Según el tratado, Alemania fue despojada del 13 por ciento de su territorio y del diez por ciento de su población; Los territorios fronterizos de Alsacia y Lorena fueron devueltos a Francia. Alemania perdió todas sus colonias, el 75 por ciento de sus depósitos de mineral de hierro y el 26 por ciento de su carbón y potasa. El tamaño del ejército y la marina se redujo drásticamente, y se prohibieron una fuerza aérea y submarinos. Los alemanes también tenían que aceptar oficialmente la “culpa de la guerra” y pagar las reparaciones.

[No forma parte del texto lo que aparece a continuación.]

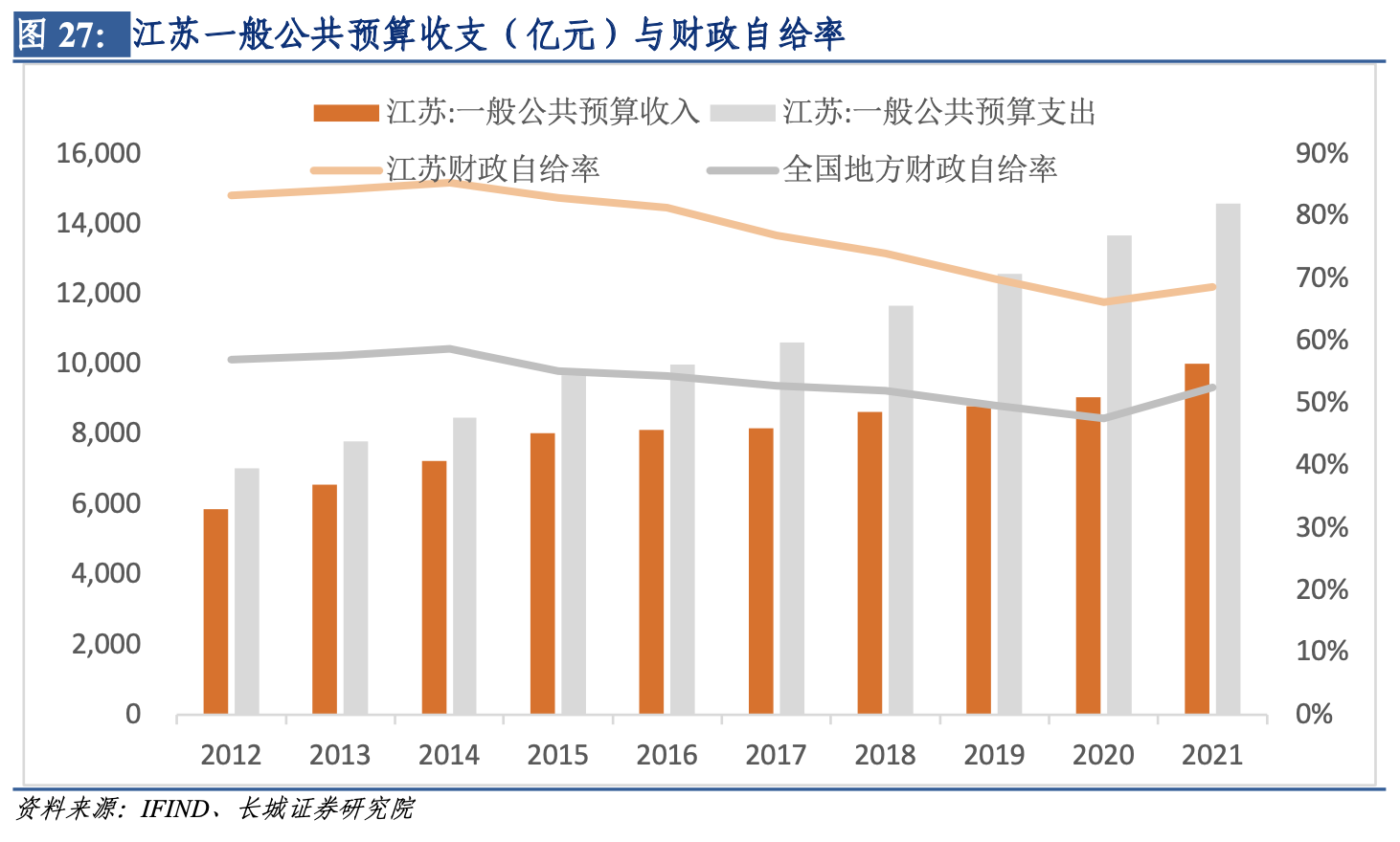 江蘇省經濟實力靠前,財政收入也非常亮眼。一般公共預算收入由2012年的5860.7億元增加至2021年的10015.2億元,年均增長6.1%;一般公共預算支出由7027.7億元增加至14586億元,年均增長8.5%。今年前6個月,江蘇省實現一般公共預算收入4639億元,比去年同期下降17.9%。以一般公共預算收入佔支出比例衡量財政自給率,江蘇省財政自給率近5年有明顯下滑,但仍遠高於全國水平,2021年財政自給率為68.7%。

La cuenta de Sir James Headlam-Morley en la firma:

“Había muy poca ceremonia o dignidad. Todos los plenipotenciarios entraron casualmente con la multitud … Cuando estaban todos sentados, trajeron a los delegados alemanes; pasaron cerca de mí; se parecían a los prisioneros que se llevaban a la cárcel … Los alemanes firmaron primero y luego todos los demás delegados … Cuando terminó la firma, se cerró la sesión, y los alemanes fueron escoltados nuevamente como prisioneros que habían recibido su sentencia. Nadie se levantó ni se fijó en ellos, y no hubo ninguna sugerencia de que, habiéndose firmado la paz, se comenzara a cambiar de actitud. Mirando hacia atrás, la impresión general me parece, desde un punto de vista político, desastrosa … De hecho, lo que realmente se estaba haciendo no era simplemente hacer las paces con Alemania, sino firmar el Pacto de la Liga de Naciones, pero de esto nadie parecía pensar … Sólo faltaba por completo la nota necesaria de reconciliación, de esperanza, de un cambio de opinión ”.

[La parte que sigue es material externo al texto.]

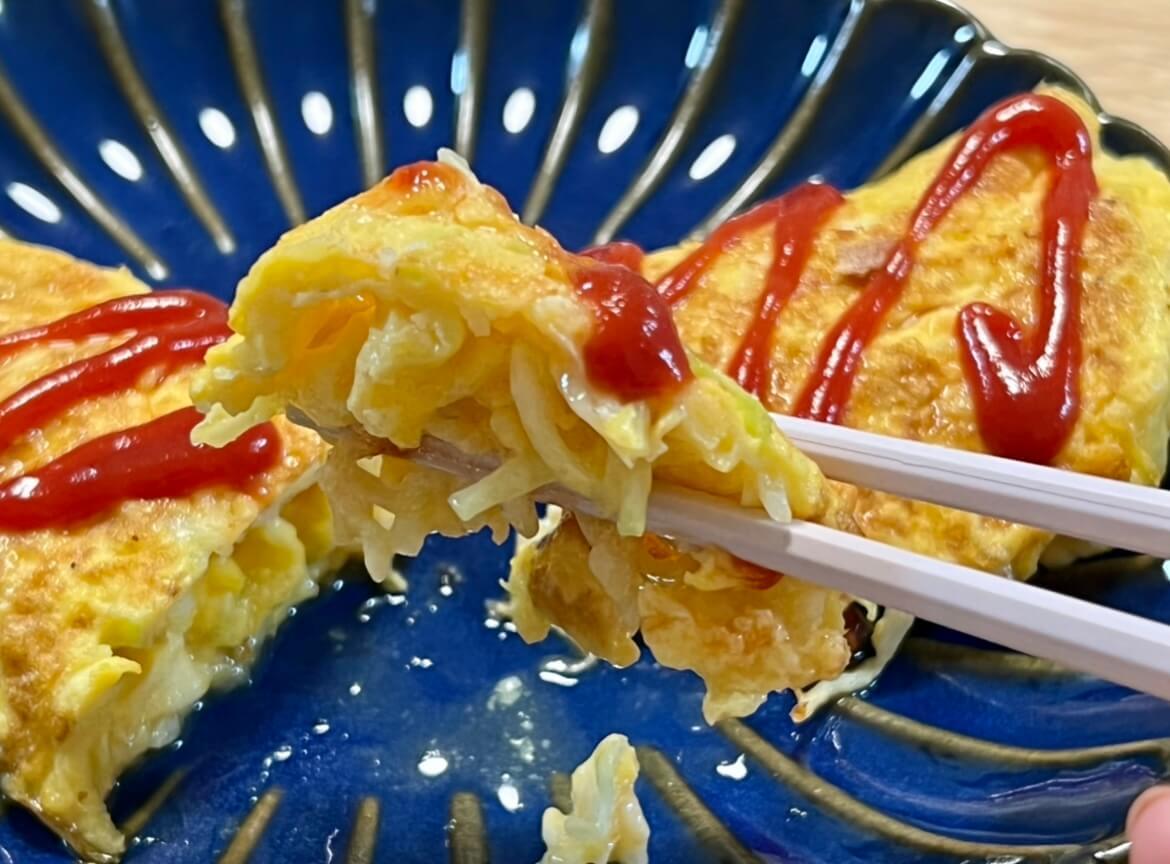 キャベツと卵だけにもかかわらず、食べ応えとボリュームたっぷり!これなら余ったキャベツがどんどん食べられます。

El resultado de estos objetivos en competencia y en ocasiones conflictivos entre los vencedores fue un compromiso que no dejó a nadie contento: Alemania no fue ni pacificada ni conciliada, ni se debilitó permanentemente. Los problemas que surgieron del tratado conducirían a los Tratados de Locarno, que mejoraron las relaciones entre Alemania y las otras potencias europeas, y a la renegociación del sistema de reparación resultante en el Plan Dawes, el Plan Young y el aplazamiento indefinido de las reparaciones. en la conferencia de lausana de 1932.